Fazit: Kompetenz darf man keine erwarten, ansonsten für den Spontan-Kauf o.k.


----------



## Froschel (25. April 2005)

so viel ich weiß gibt es ja sowieso ein Rückgaberecht bis 2 Wochen, also musste Velo-disc das Rad zurücknehmen. 
Wenn ein Rad nach einer Woche umgetauscht werden soll, und natürlich ohne Abnutzungserscheinungen ist, muß jeder Händler das Rad zurücknehmen, denke das ist keine Besondere Kulanz von Velo-disc.



-_-


----------



## knoflok (25. April 2005)

@froschel: 

zielst du auf das so genannte Fernabsatzgesetz? Das besagt, das bei einkäufen via Internet (und Telefon) der Anbieter verpflichtet ist, das Gekaufte innerhalb von 2 Wochen zurückzunehmen; 
Allerdings eben *Fern*absatzgesetz;
also der Einzelhandel ist dazu nicht verpflichtet.

Gruß
m


----------



## fez (25. April 2005)

ja, das stimmt - es sei denn es liegt ein Mangel vor, was ja nicht der Fall war. 
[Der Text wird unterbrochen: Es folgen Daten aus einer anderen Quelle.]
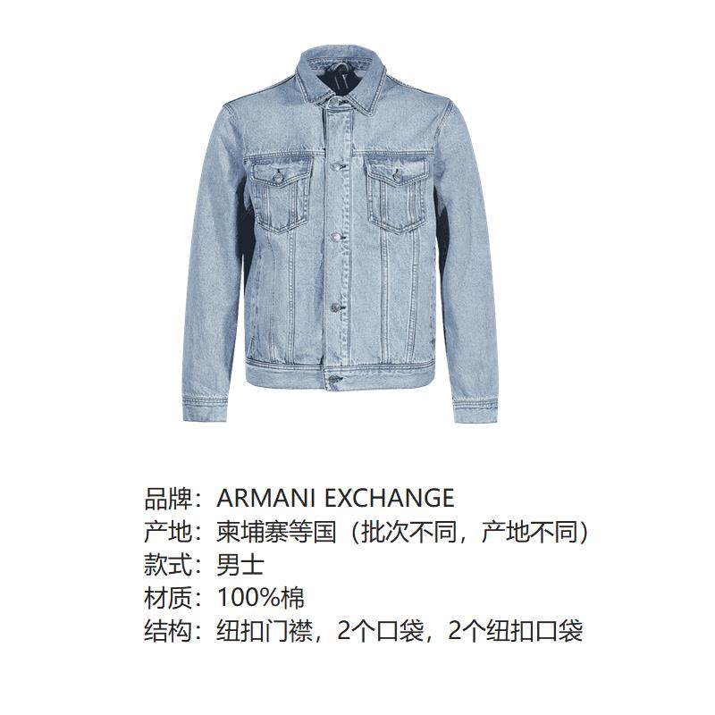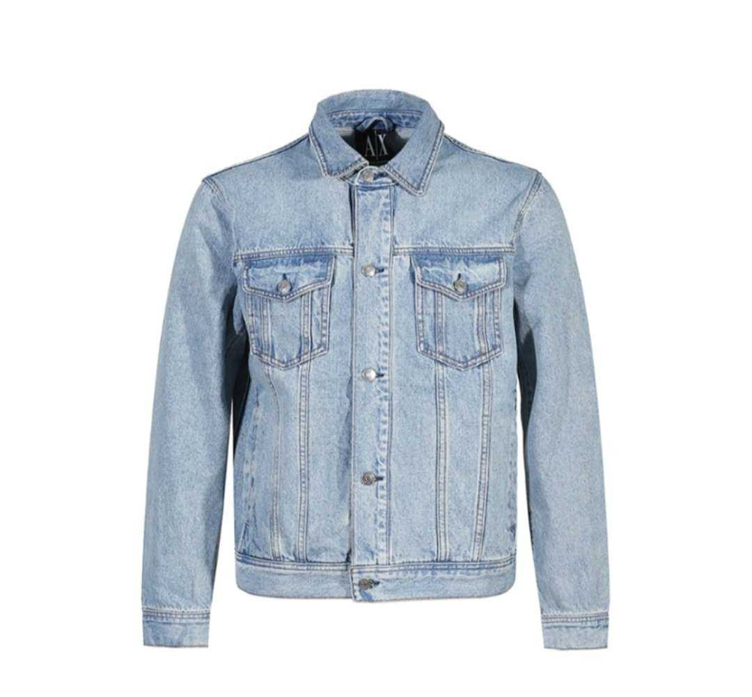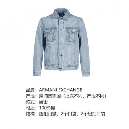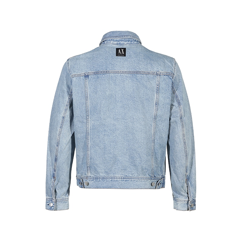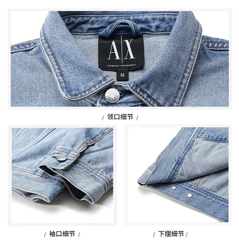 - 此款 ARMANI EXCHANGE 夹克采用质感挺括的全棉水洗牛仔面料,打造复古时髦外观,轻松穿出摩登街头感。短款翻领版型,搭配两个翻盖贴袋,上身干练有型,使其能轻松驾驭多种场合,更显都市型男魅力。
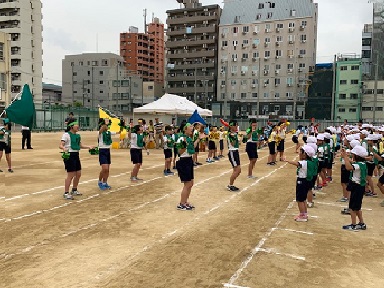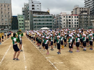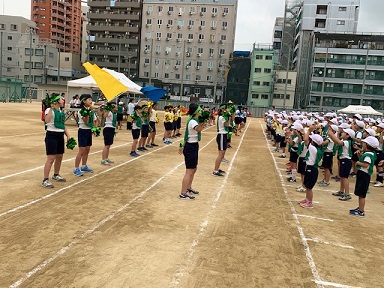 応援合戦の最後は、4色のチームが一斉に応援の声を・・・。

Allerdings ist jeder Einzelhändler gut beraten hier sich kulant zu zeigen - denn unzufriedene Käufer geben ihre negativen Erfahrungen gerne weiter - was garnicht gut fürs Geschäft ist...


----------



## specialist (25. April 2005)

fez schrieb:
			
		

> ja, das stimmt - es sei denn es liegt ein Mangel vor, was ja nicht der Fall war.


Da muss ich fez zustimmen. Mein Bruder ist ja auch schon mit dem Rad eine Woche gefahren. Das war unproblematisch kulantes Verhalten. Ich denk´auch, wenn die ihren Laden verbessern wollen sind sie so besser beraten.

speci


----------